EIP-2315: Simple Subroutines for the EVM

Two opcodes for efficient, safe, and static subroutines.


Metadata
Status: WithdrawnStandards Track: CoreCreated: 2019-10-17
Authors
Greg Colvin (@gcolvin), Martin Holst Swende (@holiman), Brooklyn Zelenka (@expede), John Max Skaller (skaller@internode.on.net)

Abstract


This proposal provides a complete, efficient, safe and static control-flow facility.

It introduces two new opcodes to support calling and returning from subroutines:

  • RJUMPSUB relative_offset -- relative jump to subroutine
  • RETURNSUB -- return to PC after most recent RJUMPSUB.

It depends on the two new opcodes proposed by EIP-4200 to support static jumps:

  • RJUMP relative_offset — relative jump to PC + relative_offset
  • RJUMPI relative_offset — conditional relative jump

It deprecates JUMP and JUMPI, allowing valid code to support streaming, one-pass, and other near-linear compilers.

In concert with EIP-3540 and EIP-3670 it ensures, at initialization time, that valid code will not execute invalid instructions or jump to invalid locations, will not underflow stack, will maintain consistent numbers of inputs and outputs for subroutines, and will have bounded stack height in the absence of recursion.

This is among the simplest possible proposals that meets these requirements.

Motivation


A complete control-flow facility.

Jumps, conditional jumps and subroutines were proposed by Alan Turing in 1945 as a means of organizing the logic of the code and the design of the memory crystals for his Automatic Computing Engine:

We wish to be able to arrange that sequences of orders can divide at various points, continuing in different ways according to the outcome of the calculations to date... We also wish to be able to arrange for the splitting up of operations into subsidiary operations... To start on a subsidiary operation we need only make a note of where we left off the major operation and then apply the first instruction of the subsidiary. When the subsidiary is over we look up the note and continue with the major operation.

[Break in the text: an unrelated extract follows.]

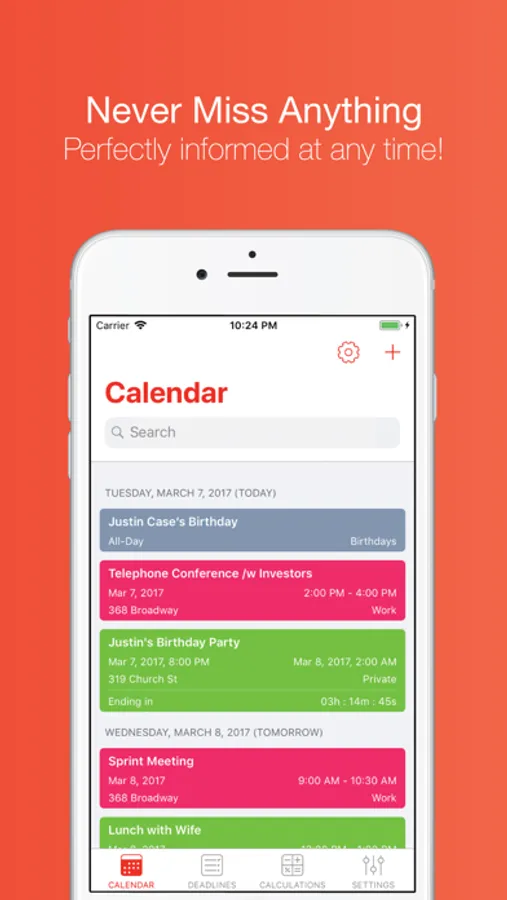 - Interact with the deadlines directly from within DayCalc (get directions, contact participants, open associated links etc.)

— Alan Turing — in B.E. Carpenter, R.W. Doran, "The other Turing machine." The Computer Journal, Volume 20, Issue 3, January 1977.

In more contemporary terms, we have sequences of instructions, jumps and conditional jumps that divide sequences into blocks, subroutine calls, and a stack of addresses to return to. The details vary, but similar facilities have proven their value across a long line of important machines over the last 75 years, including most all of the machines we have programmed or implemented -- physical machines including the Burroughs 5000, CDC 7600, IBM 360, DEC PDP-11 and VAX, Motorola 68000, Sun SPARC, and Intel x86s, as well as virtual machines for Scheme, Forth, Pascal, Java, Wasm, and others.

Unlike these machines, the Ethereum Virtual Machine does not provide subroutine operations. Instead, they must be synthesized using the dynamic JUMP instruction, which takes its destination on the stack. Further, the EVM provides only dynamic jumps, impeding the static analysis we need.

Efficient control-flow.

Efficient to write by hand, compile from high level labguages, validate at deploy time, interpret by VMs, and compile to machine code.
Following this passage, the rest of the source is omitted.